You also need to note that the line can't cross itself. If it could, you might be able to trade a rightward cell in box 5 for a leftward one in box 2, but the rules prohibit it, as well as the fact that crossing would have to be two diagonals forming a 2x2.
Simon got quite lucky that the 3 in box 1 ended up being correct -- at the point that he put it in there was nothing saying it couldn't have been in R3C3. He corner-marked 3 in the box incorrectly very early on in the solve.
He did know that R3C2 needed to be on the line to avoid a grey 2x2 and, since it needed to escape to R2C3 or R3C3, it had to be the 3 in the 1234 sequence that was proven to satisfy the 10 cage.
@Catalynz Yeah I was thinking the same. @scottishrob13 He meant all the way back in the beginning, when Simon placed the pencilamarks for the 3, he forgot to pencilmark r3rc. That could have ruined the whole puzzle.
Yeah I thought the same. I guess it was only a 33% chance of being wrong at the time. 12:44 for those curious.
Well not really, he did have an erroneous pencil mark, but there was enough information available. He already knew that R3C2 was on the line and could only be 3 or 4, and it can't be a 4, because there's nothing for it to connect with.
I am very proud to have finished this in less time than the video, I was surprised I managed so well!

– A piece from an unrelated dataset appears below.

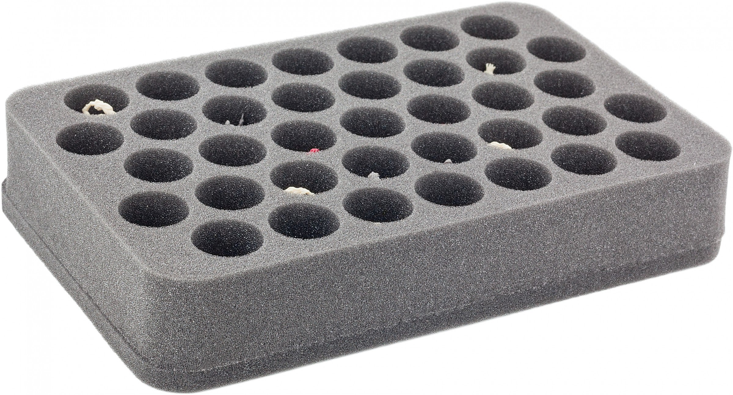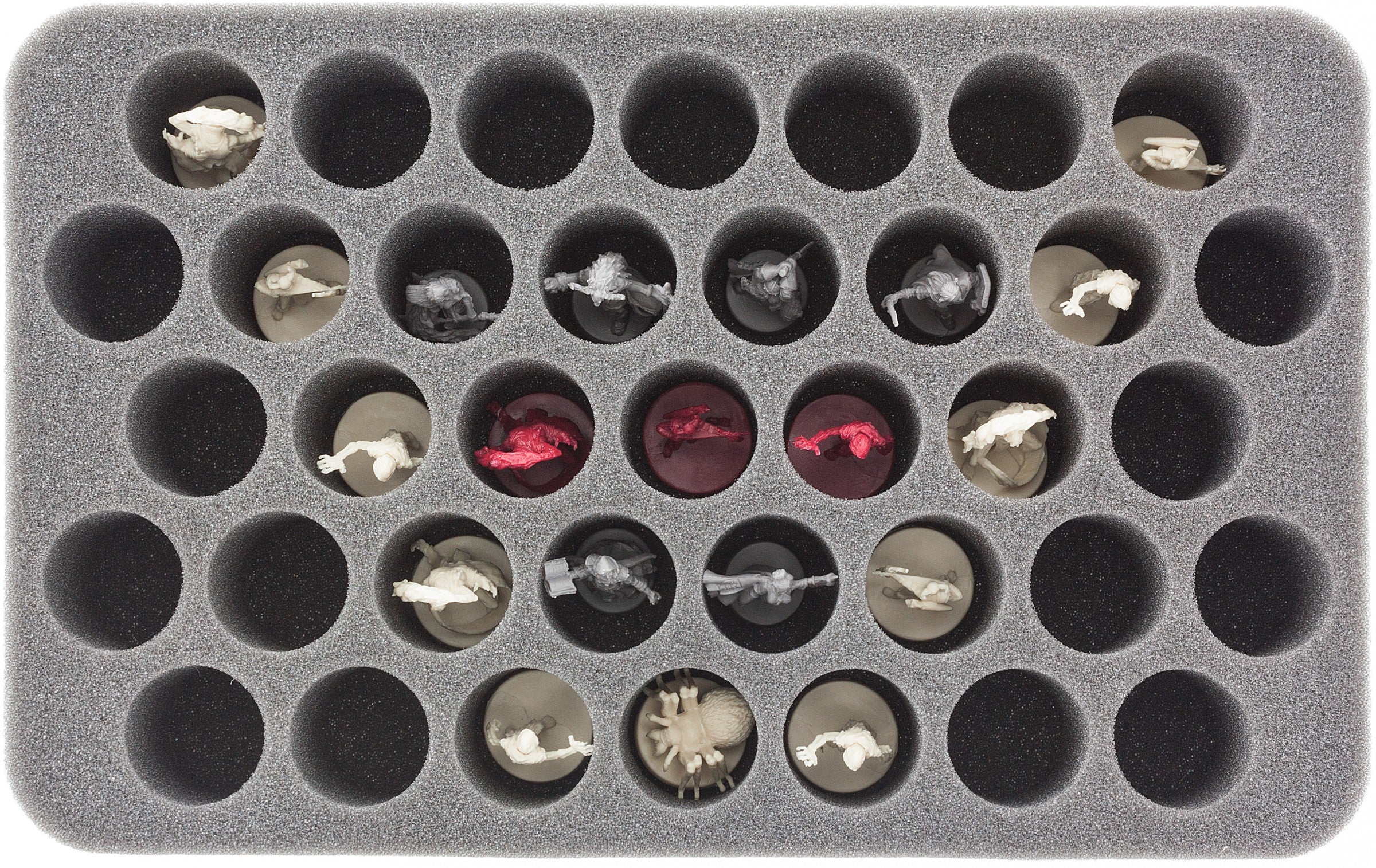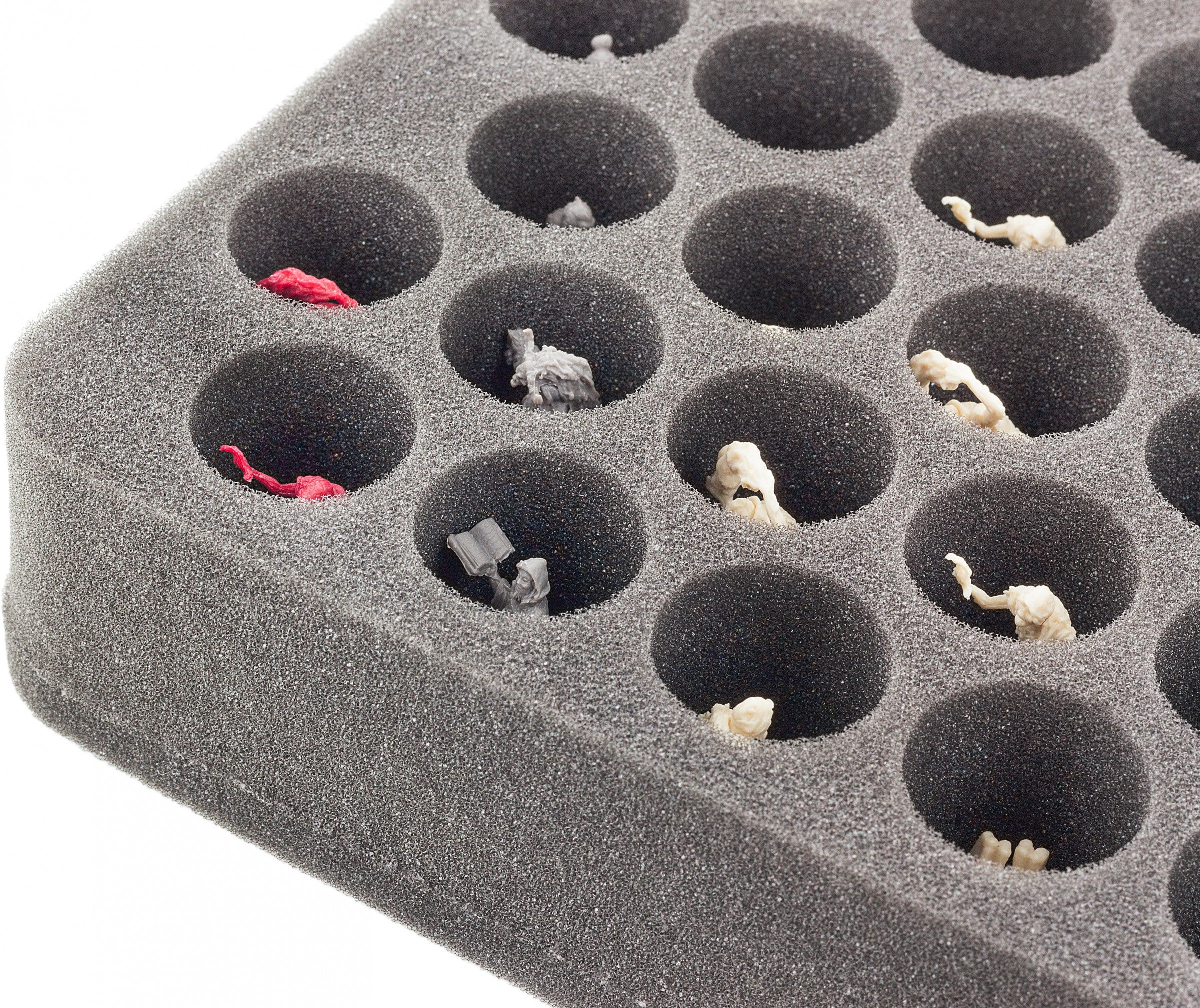 Małe postacie bohaterów i potworów znajdą bezpieczną przystań w 37 bazowych przegrodach. Mają one średnicę 28 mm i efektywną głębokość 40 mm. Dlatego też idealnie nadaje się do ustawiania figur w pozycji stojącej. Dzięki podstawie o grubości 10 mm wkładka osiąga całkowitą wysokość 50 mm.

Thanks Simon for all the wonderful videos and the great lessons in logic!
12:45 couldn't there be a 3 in r3c3?
that is what I was thinking...
I wish Simon had considered the big picture of the possibilities for the overall line sequence, both in terms of consecutive digits and box totals (and overall number of digits, too). There was a lot of restriction from very early on. He'd have gotten box 9 much more quickly, I think. It's easy to see an overall solution, for sure, which doesn't mean it's true, of course. (Although the easy-to-see basic path does turn out to be true.) BUT, it helps you realize where consecutive digit problems are going to exist and allows you to eliminate a lot of red herring paths more quickly and easily.
EDIT: I see he finally did look at this around 56:00. He could have used the path-marked 89 in box 6 to progress even earlier. There's only one way that works with boxes 3 and 5, and now it happens to support his overall notion. :)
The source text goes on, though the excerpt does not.